Question

Attendances at a high school's basketball games were recorded and found to have a sample mean and variance of 420 and \(25,\) respectively. Calculate \(\bar{x} \pm s, \bar{x} \pm 2 s,\) and \(\bar{x} \pm 3 s\) and then state the approximate fractions of measurements you would expect to fall into these intervals according to the Empirical Rule.

Short answer

Answer: According to the Empirical Rule, the intervals of attendance are approximately (415, 425) for 68% of the data, (410, 430) for 95% of the data, and (405, 435) for 99.7% of the data.

Step-by-step solution

Calculate the standard deviation from variance

We are given the variance as \(25\). The standard deviation (s) is the square root of the variance: \(s = \sqrt{25}\) \(s = 5\)

Calculate the intervals \(\bar{x} \pm s, \bar{x} \pm 2 s,\) and \(\bar{x} \pm 3 s\)

The sample mean (\(\bar{x}\)) is given as 420. We will now calculate the three intervals using the standard deviation: 1. \(\bar{x} \pm s = 420 \pm 5 = (415, 425)\) 2. \(\bar{x} \pm 2s = 420 \pm 2(5) = (410, 430)\) 3. \(\bar{x} \pm 3s = 420 \pm 3(5) = (405, 435)\)

State the approximate fractions of measurements according to the Empirical Rule

Now that we have the three intervals, we can state the approximate fractions of measurements: 1. 68% of the data is expected to fall within the interval \(\bar{x} \pm s = (415, 425)\) 2. 95% of the data is expected to fall within the interval \(\bar{x} \pm 2s = (410, 430)\) 3. 99.7% of the data is expected to fall within the interval \(\bar{x} \pm 3s = (405, 435)\) In conclusion, according to the Empirical Rule, we can expect approximately 68% of the attendances to fall within the interval (415, 425), 95% within the interval (410, 430), and 99.7% within the interval (405, 435).

Key concepts

Understanding Standard Deviation

Standard deviation is a key concept in statistics that helps us understand how much variation or dispersion exists in a set of data. It tells us how much individual data points deviate, on average, from the mean of the dataset. In simpler terms, it measures the extent to which numbers are spread out. - A small standard deviation means the data points tend to be close to the mean. - A large standard deviation means there is more spread among the data points. In our example, the standard deviation is calculated from the variance. Since the variance is given as 25, we take the square root of 25 to find the standard deviation, resulting in a value of 5. Simply put, the average deviation of attendance numbers from the mean (420) is 5.

Exploring Variance

Variance is a measure of how far each number in the dataset is from the mean and, consequently, from every other number in the dataset. It is essentially the average of the squared differences from the mean, providing a sense of how much the numbers in a dataset are spread out.In mathematical terms, variance is calculated as:\[ \sigma^2 = \frac{1}{N} \sum_{i=1}^{N}(x_i - \bar{x})^2 \]where \( \sigma^2 \) represents variance, \( x_i \) are individual data points, and \( \bar{x} \) is the mean.In our scenario with the basketball game attendances, the variance is provided as 25. This value helps us determine the standard deviation by taking its square root. Understanding variance is crucial because it underpins the calculation of standard deviation.

Normal Distribution

A normal distribution is a probability distribution that is symmetric about the mean, showing that data near the mean are more frequent in occurrence than data far from the mean. In data visualization, it is often represented as a bell curve. The normal distribution is fundamental because it describes how data is naturally distributed in many real-world situations.Key attributes of a normal distribution: - The mean, median, and mode are all equal. - The bell curve is symmetric at the center (around the mean, \( \bar{x} \)). - Approximately 68% of the data falls within one standard deviation from the mean. - 95% falls within two standard deviations, and 99.7% lies within three.Given our attendance data, it’s assumed to be normally distributed, which allows us to apply the Empirical Rule to determine the fraction of data within each interval.

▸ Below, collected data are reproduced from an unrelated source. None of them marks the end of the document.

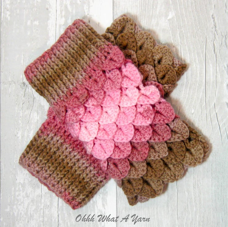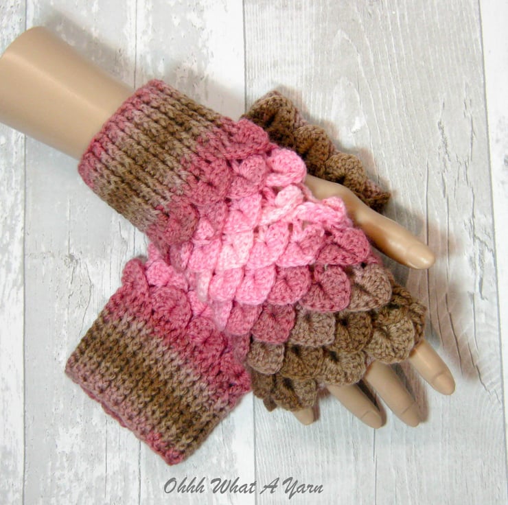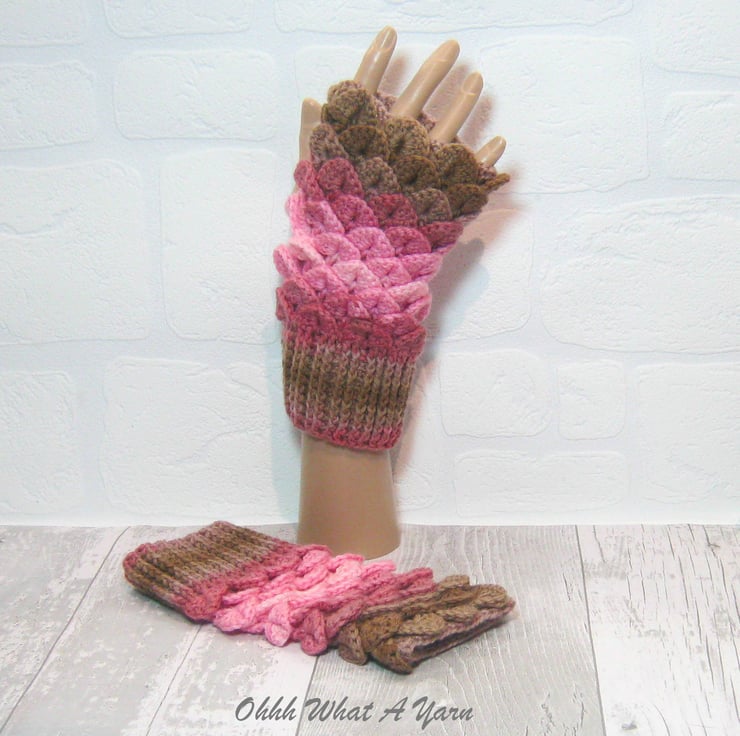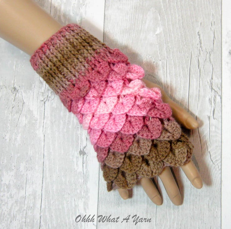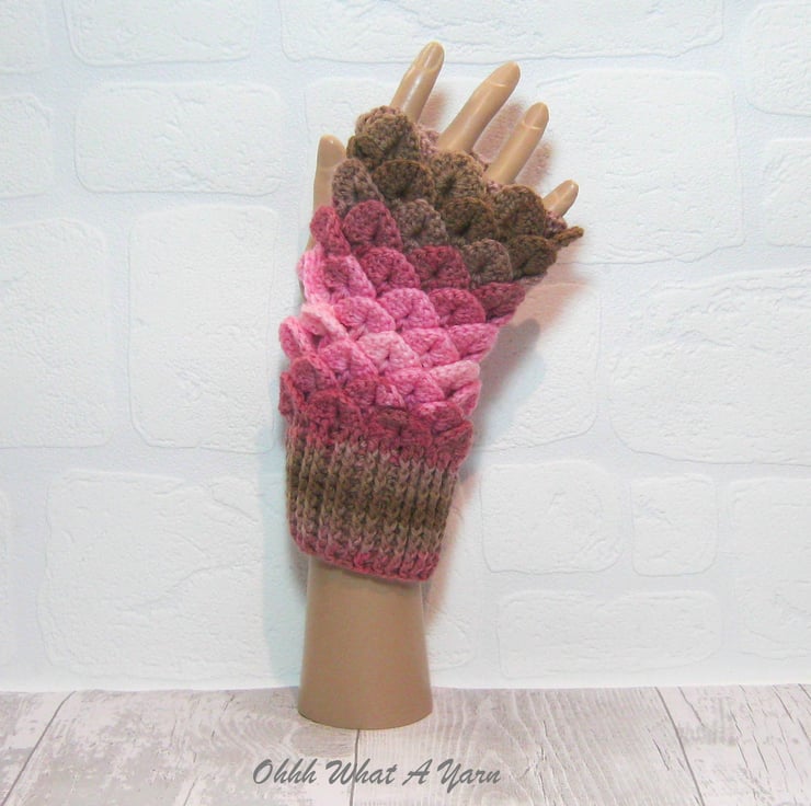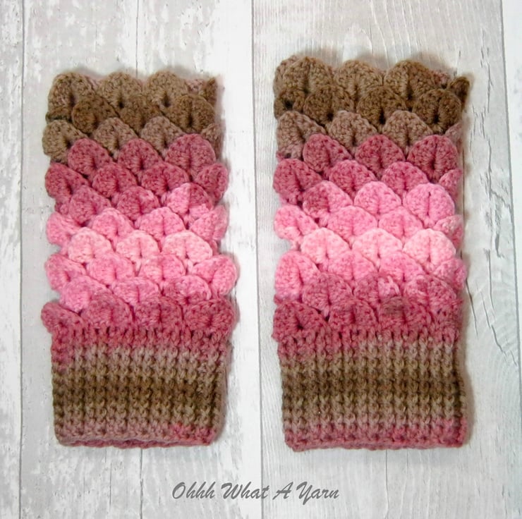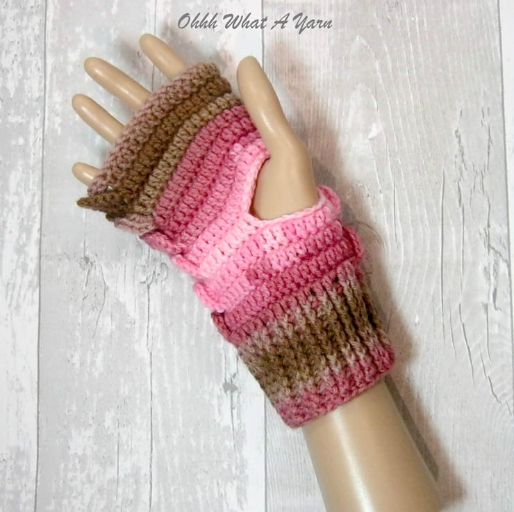 These cosy ladies fingerless gloves have been crocheted using a gorgeous colour changing yarn in beautiful shades of pinks and browns. The yarn is 100% acrylic.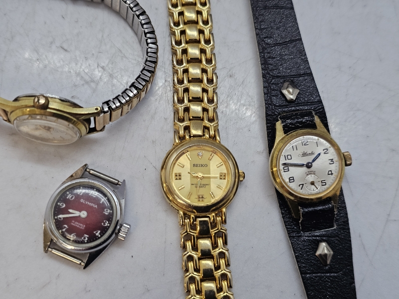 #1135 4kpl rannekelloja: Seiko, Precis, Atlantic ja Olympia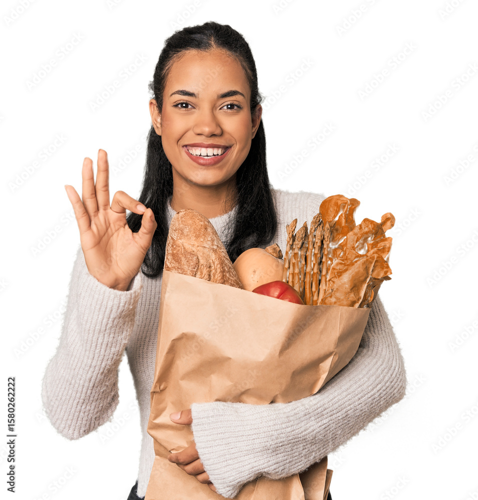 Young Filipina shopping for groceries cheerful and confident showing ok gesture.

Confidence Intervals and the Empirical Rule

Confidence intervals provide a range of values which is likely to contain a population parameter, like the mean, with a certain level of confidence. When applied to a normal distribution, these intervals help us understand the range in which most data points are expected to fall.The Empirical Rule, also known as the 68-95-99.7 rule, is closely related to confidence intervals. It gives us a way to estimate the probability of data falling within certain standard deviation ranges:- About 68% of data falls within one standard deviation (\( \bar{x} \pm s \))- Roughly 95% of data falls within two (\( \bar{x} \pm 2s \))- Nearly 99.7% of data falls within three standard deviations (\( \bar{x} \pm 3s \))In the context of our exercise, the intervals calculated using this rule help provide confidence about where most basketball game attendance figures are expected to fall in relation to the mean.